Magazine article The Journal of Lending & Credit Risk Management

Investment Property: Perfection of Security Interests through Control Agreements

Magazine article The Journal of Lending & Credit Risk Management

Investment Property: Perfection of Security Interests through Control Agreements

Article excerpt

Collection on the loan remains the lender's goal. As the lending transaction grows in complexity, the amount of information needed to ensure collection grows as well. This article presents the need for a thorough understanding of the various investment properties used in securities lending and the role of a control agreement in the perfection of security interests.

The 1994 revisions to the Uniform Commercial Code (UCC), now in the process of being adopted by various states, effected a number of changes to the rules governing investment property as collateral. Two of the most important developments were the recognition of indirect ownership of investment property through security entitlements and the use of "control" agreements as a method for perfecting a lender's security interest in investment property.
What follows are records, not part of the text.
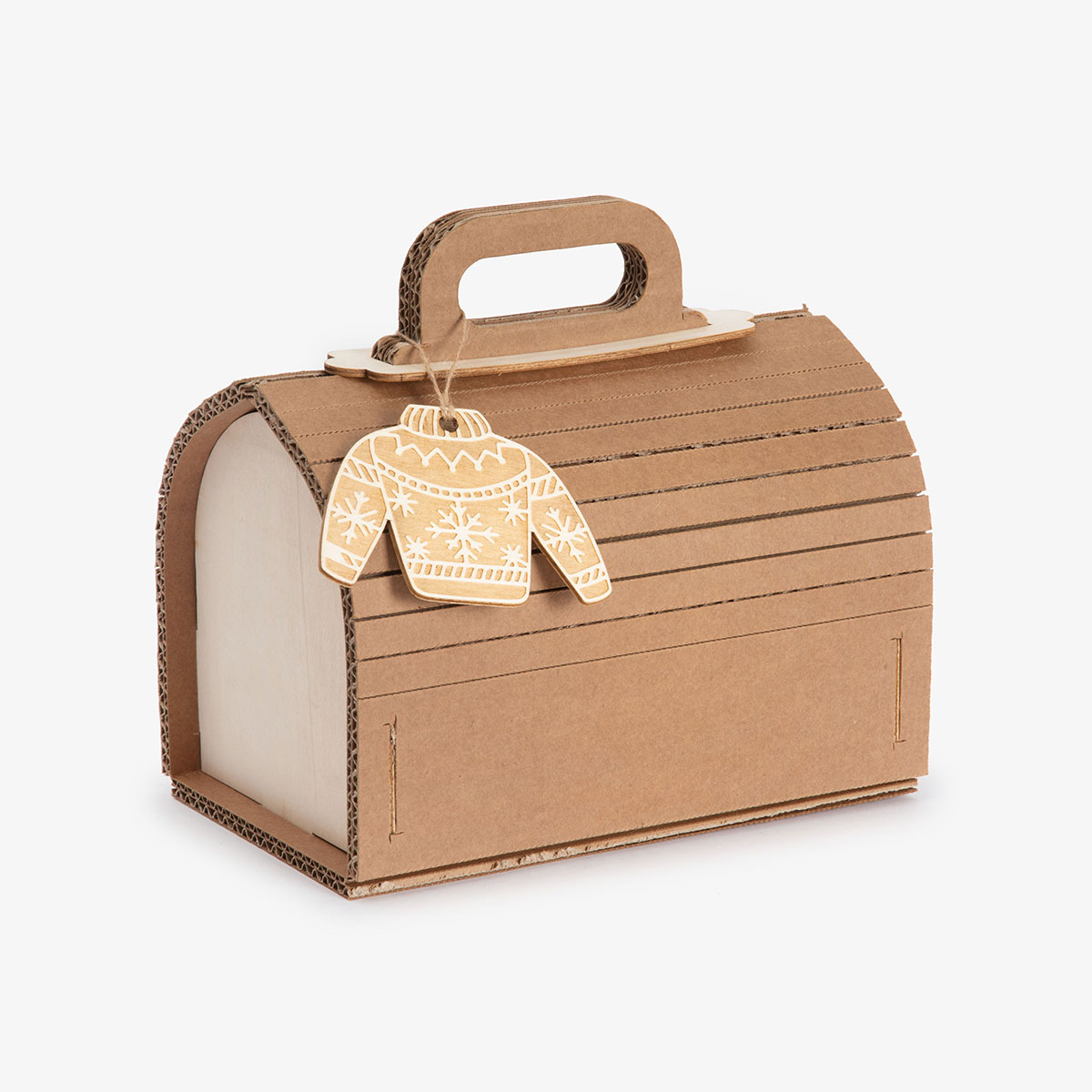 Il TAG a forma di maglione inciso con precisione laser su pezzi di legno riciclati da scarti industriali, è l’elemento distintivo che aggiunge un tocco di autenticità e naturalezza alle tue confezioni.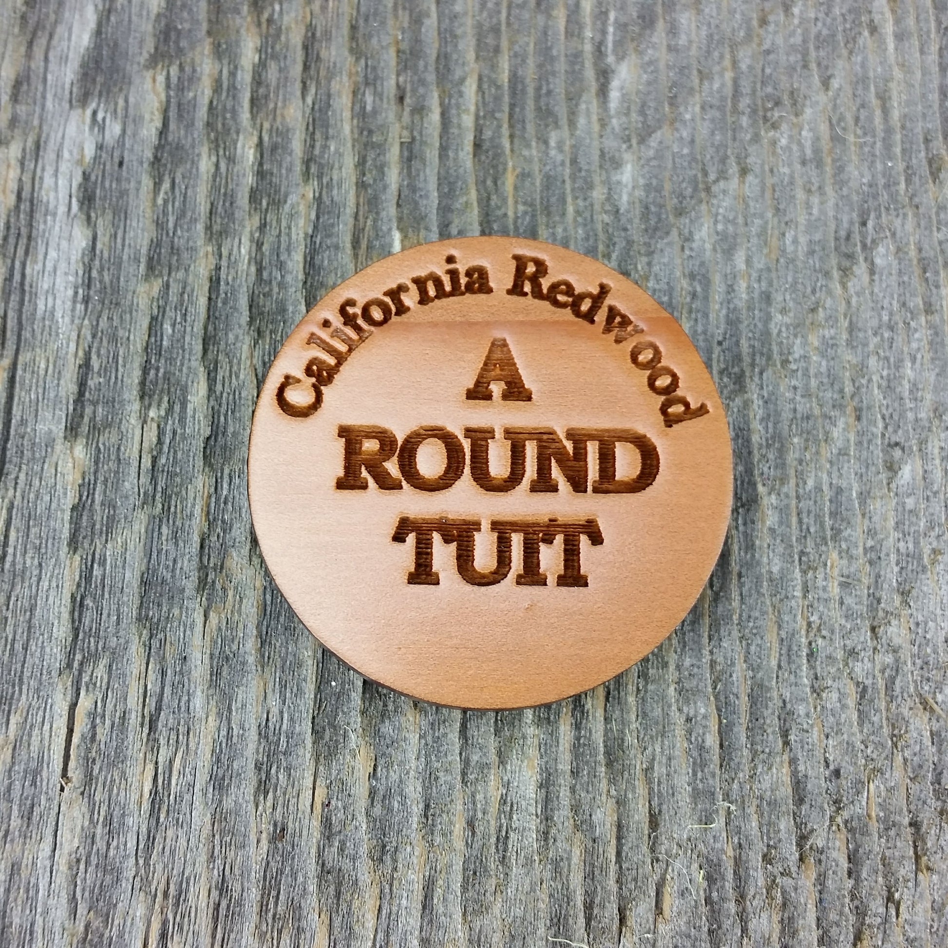 Round Tuit Magnet Handcrafted Wood Souvenir California Redwood Handmade in USA - M2207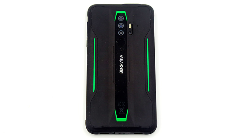 Задняя часть смартфона имеет глянцевую вертикальную линейку с надписью Blackview, в которую встроены камеры и сканер отпечатка пальца, также здесь сделана эффектная цветовая отделка.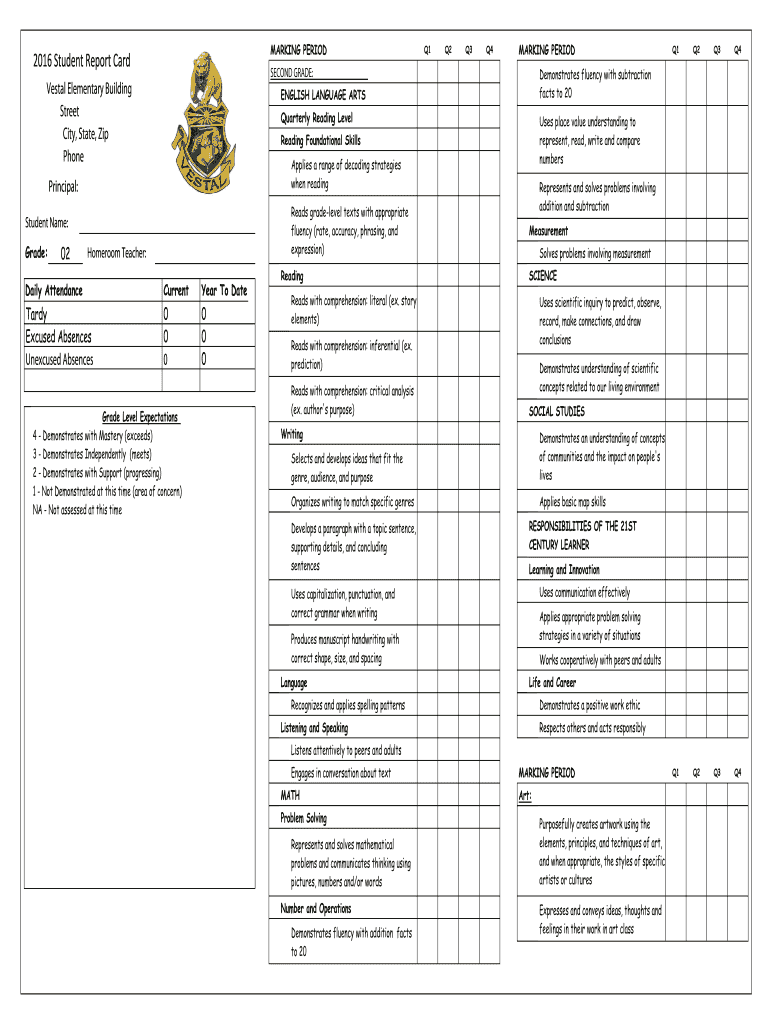 Get the free 2016 Student Report Card SECOND GRADE Demonstrates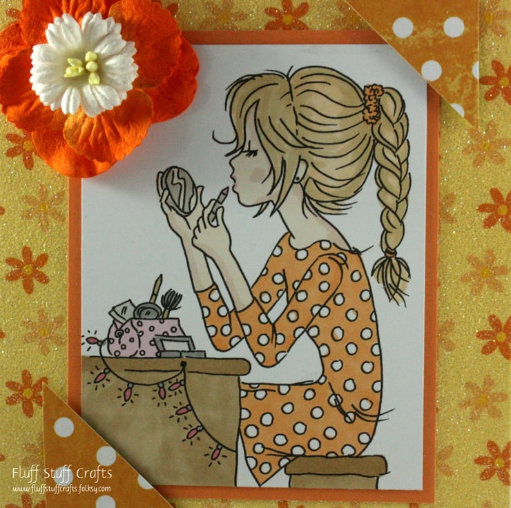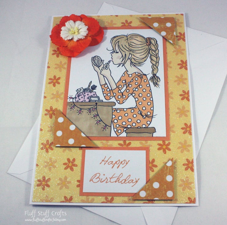 Handmade birthday card suitable for ladies or teenage girls, featuring a hand coloured image of a girl putting her make up on.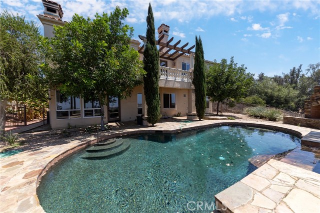 Welcome to the luxury Hillcreast Estates community! This is a beautiful, Meditterranean architutual design with 4 bedroom and 51/2 bathrooms. Entryway is tile flooring with spiral staircase to second level. Main level floor features one bedroom and 1 and 1/2 baths, formal living room with fireplace. Formal dining room features a fireplace and wet bar. Large kitchen with double ovens, double microwaves, granite countertops that connect with the living room. Large windows overlook the swimming pool and hills. Upstairs features loft with a wet bar, large balcony and 2 bedrooms each with full baths. Master bedroom includes large open floor plan with fireplace, jaczzi tub, wet bar, double sinks, private sauna and large balcony. Long private driveway with electronic security gate and 3 car garage. The backyard features private swimming pool, jacuzzi, fireplace and barbecue island. This home also comes with security camera's both inside and out. Very private and quiet neighborhood that is close to shopping centers.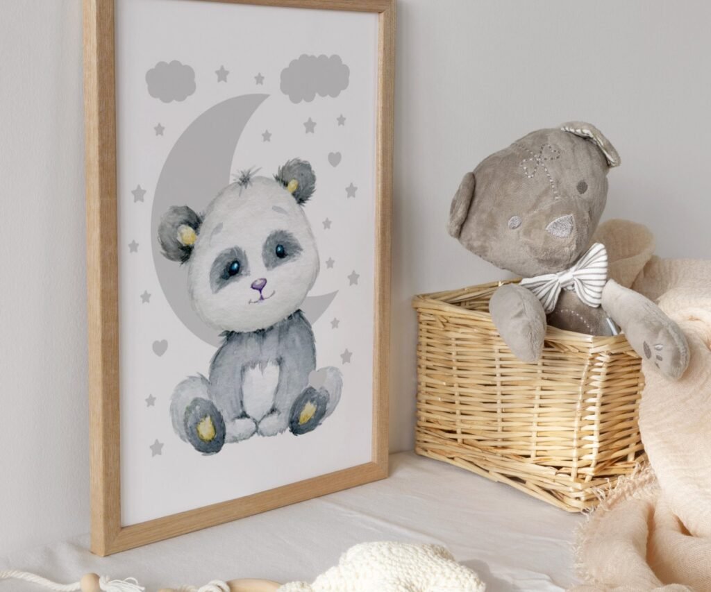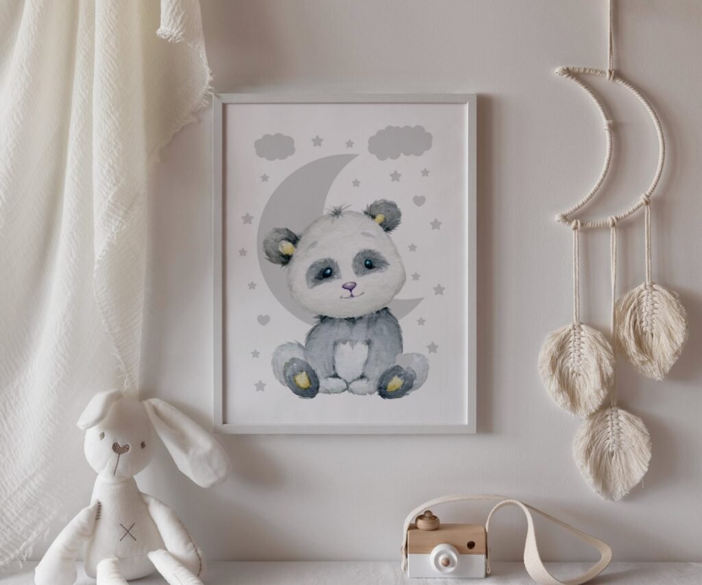 Our Panda Nursery, set of 1, soothing colors, and heartwarming quotes that are bound to bring joy and comfort to your baby’s room. Each print is thoughtfully crafted to add a touch of magic and wonder, making it an ideal gift for new parents or a special treat for your own bundle of joy.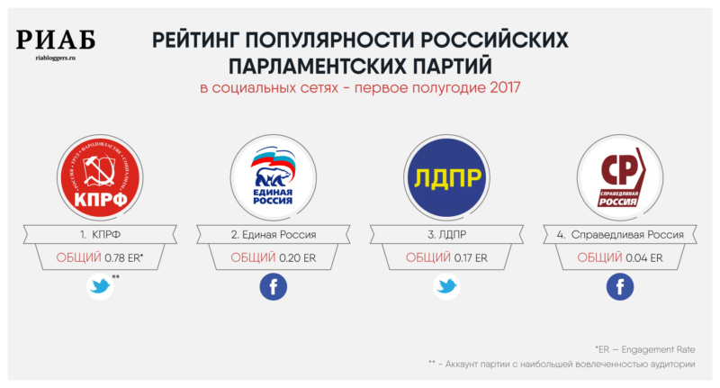 В рейтинг партий лидирует КПРФ с самым высоким ER равным 0,73. За ней следует «Единая Россия»(0,20), ЛДПР (0,17) и «Справедливая Россия» (0,04). У последней, несмотря на то, что она представлена в пяти соцсетях, аудитория не превышает 20 тысяч человек.
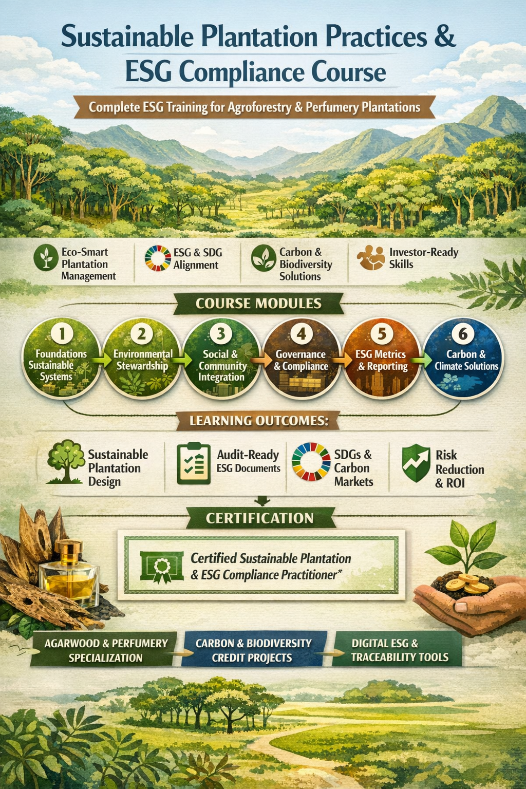 Designed for agarwood and perfumery crop plantations, yet adaptable across tropical agroforestry systems, the course reframes sustainability from a compliance burden into a long-term value driver—reducing risk, unlocking premium markets, and strengthening resilience against climate and regulatory shocks.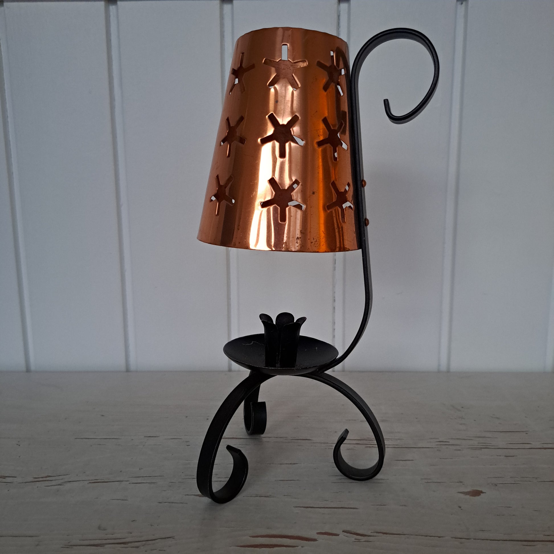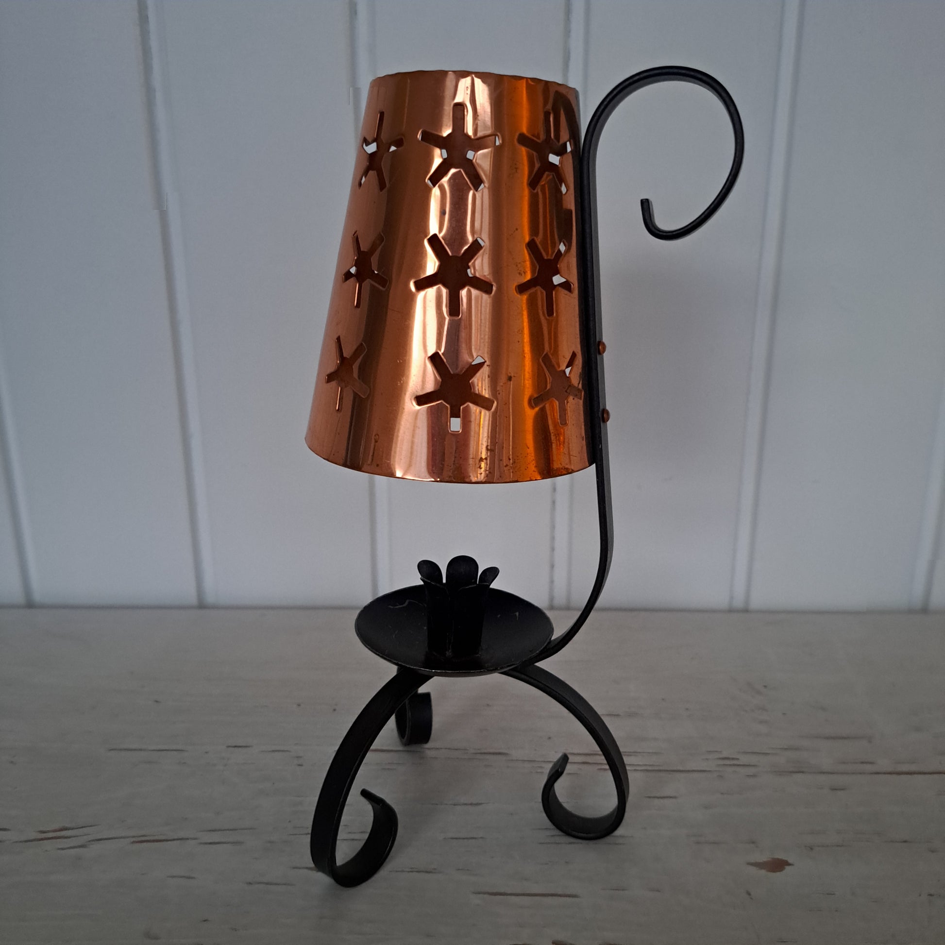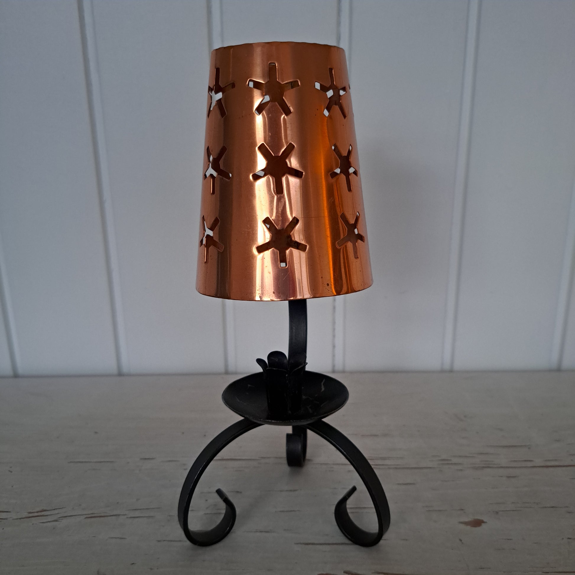 Ihana, 1960-luvun, metallinen kynttilänjalka, jossa on reikäkuvioitu, kuparinen lyhtyosa.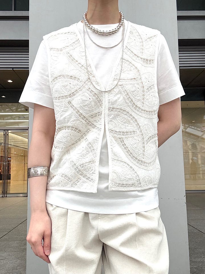 着心地: アームも大きめなので、デザインカットソーやTシャツ、ワンピースなどと合わせてご着用頂けます。総刺繍をあしらったコットンベストで軽く、薄手になってくるこれからの季節に?αでお洒落に見映えする1着です!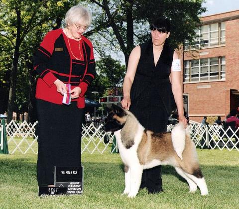~* Call Name; MACEY ~* Owner & Breeder; Ann Dickens Johnson Day Dream Akitas ~* OFA hips; GOOD ~* OFA elbows; NORMAL ~* OFA thyroid; NORMAL ~* CERF; CLEAR ~* DOB; 11-20-2003 ~* Dam; CH Sho N Tel's Amazing Mazy Yea ROM ~* Sire; Am/Cn CH Biss Excaliburs Atomic Playboy ROM ~* Click here to view: Pedigree |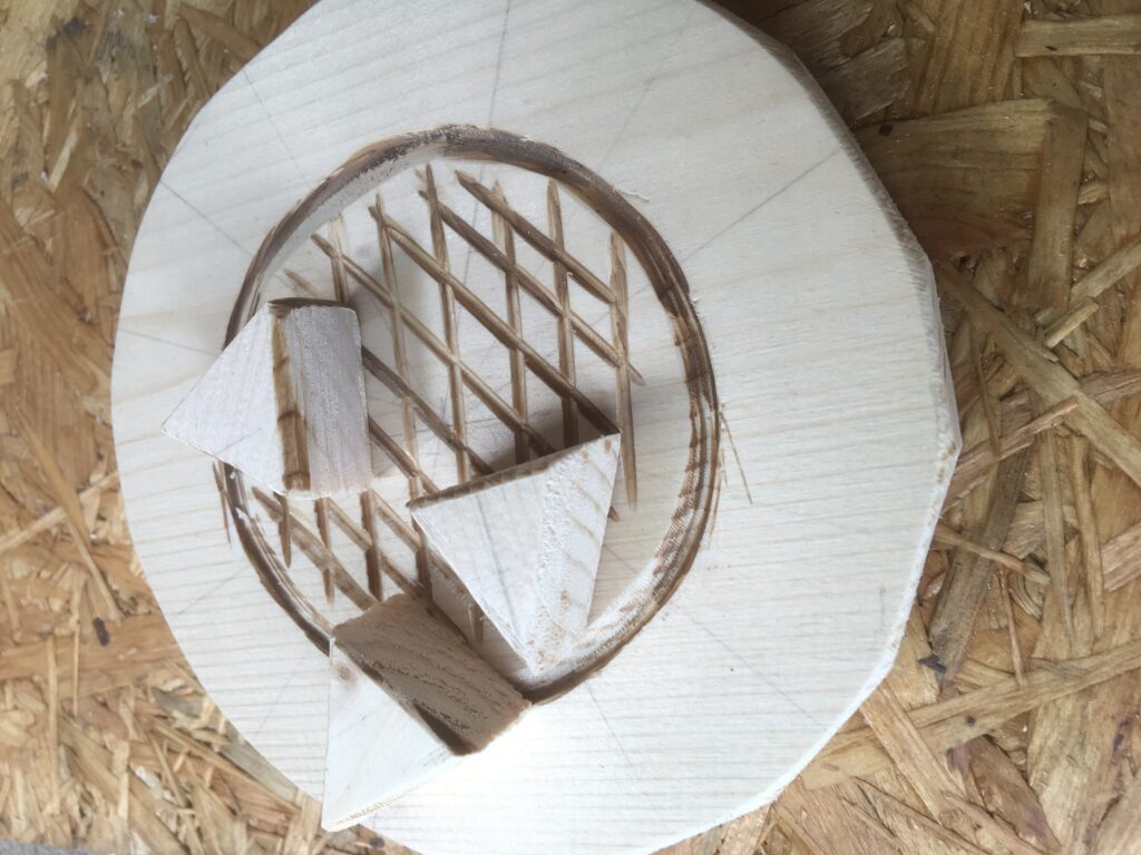 2、16面体に加工した木に、サンダーを使用して、ヒマワリの種を表現してみました。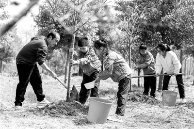 植樹(shù)節(jié)到來(lái)之際,3月11日,在浙江省湖州市長(zhǎng)興縣夾浦鎮(zhèn)濱湖村,該鎮(zhèn)中心小學(xué)師生和志愿者一起植樹(shù)添綠。 譚云俸 攝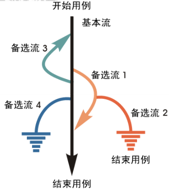 备选流用不同的彩色表示,一个备选流可能从基本流开始,在某个特定条件下执行,然后重新加入基本流中(如备选流 1 和 3);也可能起源于另一个备选流(如备选流 2),或者终止用例而不再重新加入到某个流(如备选流 2 和 4)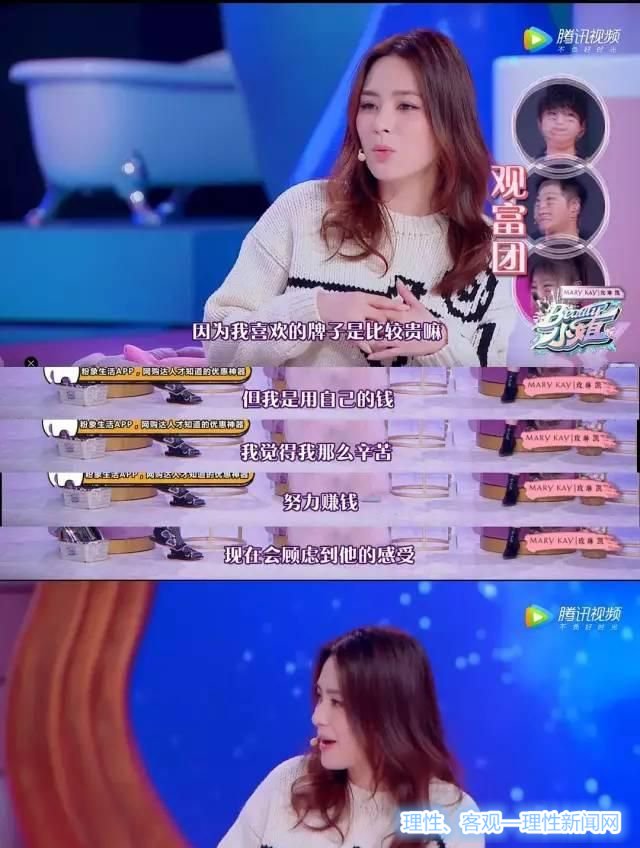 她很委屈地解释:因为我喜欢的牌子是比较贵嘛,但是我用自己的钱,我觉得我那么辛苦努力赚钱买,买点自己喜欢的东西也是应该的嘛。现在会考虑他的感受,就不敢买。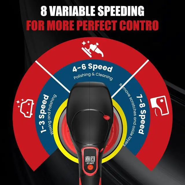 Variable Speed: Our electric car polisher features 8-speed adjustments, ranging from 2000 to 4500 RPM, ensures that it can meet your needs whether you're dealing with delicate surfaces or demanding correction tasks. The low speed is suitable for waxing and buffing, the medium speed for polishing and cleaning, and the high speed for removing paint defects and oxidation.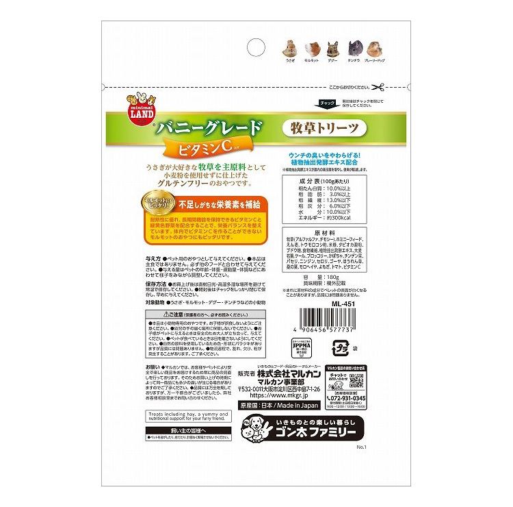 【12個セット】 マルカン バニーグレード 牧草トリーツ ビタミンC入り 180g【ポイント10倍】 【送料無料】

Understanding what is, and more importantly, what is not obtained as collateral through "control" agreements is critical to credit policies and credit judgments. Understanding the various types of investment property and indirect ownership of securities is equally critical to the credit process.

Where's the Security?

Perfection of security interests begins with the most basic factual question a lender must ask a borrower when taking an investment property as collateral (for discussion purposes, 100 shares of Acme Manufacturing Corp. stock): Where are the shares of stock? How the borrower answers that question will determine what steps the lender must take to obtain and perfect a security interest. The answer also will tell the lender what kind of investment property is actually being offered as collateral: an actual investment security or something inherently different - the borrower's right to an investment security from a third party - a security entitlement.

Certificated Security

If the borrower's response to the question is the production of an actual stock certificate registered in the borrower's name, the lender's job is an easy one. The value of the collateral can be determined, and the steps required by the UCC are simple. A security agreement is signed by the borrower and the certificate is delivered to the lender with a proper endorsement by the borrower, either on the certificate or on a stock power.

Broker Account

If the borrower informs the lender that the borrower's 100 shares are being held by a stockbroker, the process for the lender becomes more complicated. Upon contacting the broker, the lender may learn that the broker is, in fact, holding the stock certificate (registered in the borrower's name and with no endorsement) in safekeeping. In that event, the collateral is an investment security, and the steps that the lender should take are, again, simple. A security agreement is signed by the borrower and the certificate is delivered to the lender with a proper endorsement by the borrower, either on the certificate or on a stock power. (Please note that other steps for perfection are permissible under the new UCC, but they are less desirable from the lender's viewpoint.)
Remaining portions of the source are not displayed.